So theres My Chemical Romance...and there's Coldplay. They're helping me out on this awful Valentine's Night.

I know its weird, usually people who love My Chemical Romance aren't exactly fans of Coldplay, their music genres are sort of...different. But I've loved them since May 5th, and now they mean too much to me to ever try and go without. May 5th 2012, Adventureland day, went there with my band, and I heard the song Fix You for the first time. That exact video, I remember looking out the window at the passing cars, I remember feeling his hand or hearing him sing along, hell I remember what song came next and what was right before it. Both were actually The Offspring songs...after something happened, I listened to Fix You almost every day. I listened late late late at night after nightmares, or early in the morning before play practice, or in a hospital gown even. God, it was everywhere. Lights will guide you home, and ignite your bones, and I will try to fix you <3 well since that time, I've listened to it at least once every 2 days. No joke, I can't go an entire week without it. I tried, and I couldn't. It drove me nuts.
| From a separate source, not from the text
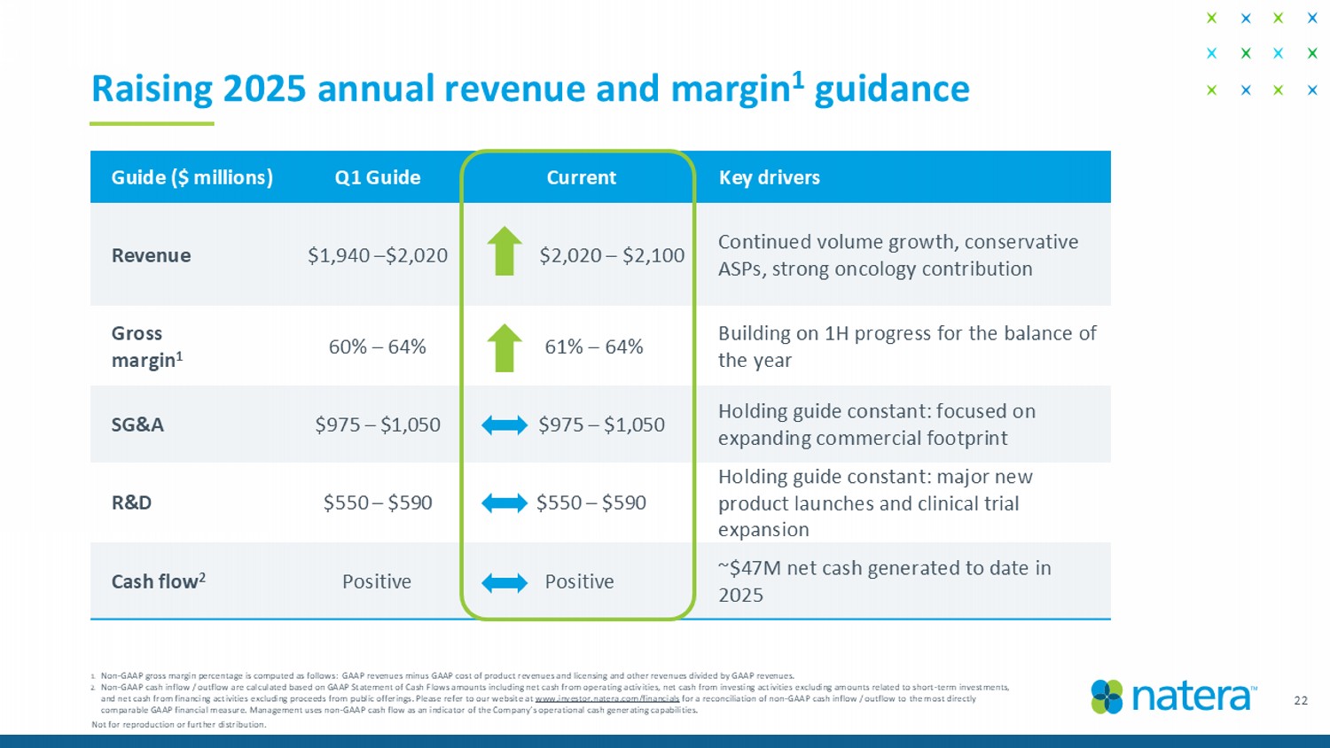 Key drivers Current Q1 Guide Guide ($ millions) Continued volume growth, conservative ASPs, strong oncology contribution $2,020 – $2,100 $ 1,940 – $2,020 Revenue Building on 1H progress for the balance of the year 61% – 64% 60% – 64% Gross margin 1 Holding guide constant: focused on expanding commercial footprint $ 975 – $ 1,050 $ 975 – $ 1,050 SG&A Holding guide constant: major new product launches and clinical trial expansion $ 550 – $ 590 $ 550 – $ 590 R&D ~$47M net cash generated to date in 2025 Positive Positive Cash flow 2 Raising 2025 annual revenue and margin 1 guidance Not for reproduction or further distribution. 22 1. Non - GAAP gross margin percentage is computed as follows: GAAP revenues minus GAAP cost of product revenues and licensing and ot her revenues divided by GAAP revenues. 2. Non - GAAP cash inflow / outflow are calculated based on GAAP Statement of Cash Flows amounts including net cash from operating ac tivities, net cash from investing activities excluding amounts related to short - term investments, and net cash from financing activities excluding proceeds from public offerings. Please refer to our website at www.investor.natera.com/financials for a reconciliation of non - GAAP cash inflow / outflow to the most directly comparable GAAP financial measure. Management uses non - GAAP cash flow as an indicator of the Company’s operational cash generati ng capabilities.

Now its February 14th, at 10:30 at night, and I'm crying my fucking eyes out. I'm not even sure how I got this bad. But I've been holding in tears all day. I know I don't have a reason to necessarily cry, I mean, hell, I got a STARGAZER LILY from Mimi :3 I flipped my shit fyi :p but by the end of the day, I was ready to bawl. And now I am. I really should get back to making these comic panels for English class (well, and for Mimi... she really likes comics). But I knew I needed to get the tears out. Because I've been holding them in quite a while.
Coldplay can make me feel. I've listened to about 30 of their songs in the last 3 hours, and I just... I can't stop fucking crying you know??? :p Gr... its one of my weird dreams to meet Chris Martin. Just to thank him for everything.
He's saved me. Tonight. Yesterday. Last year. Those rocky nights. And Tomorrow.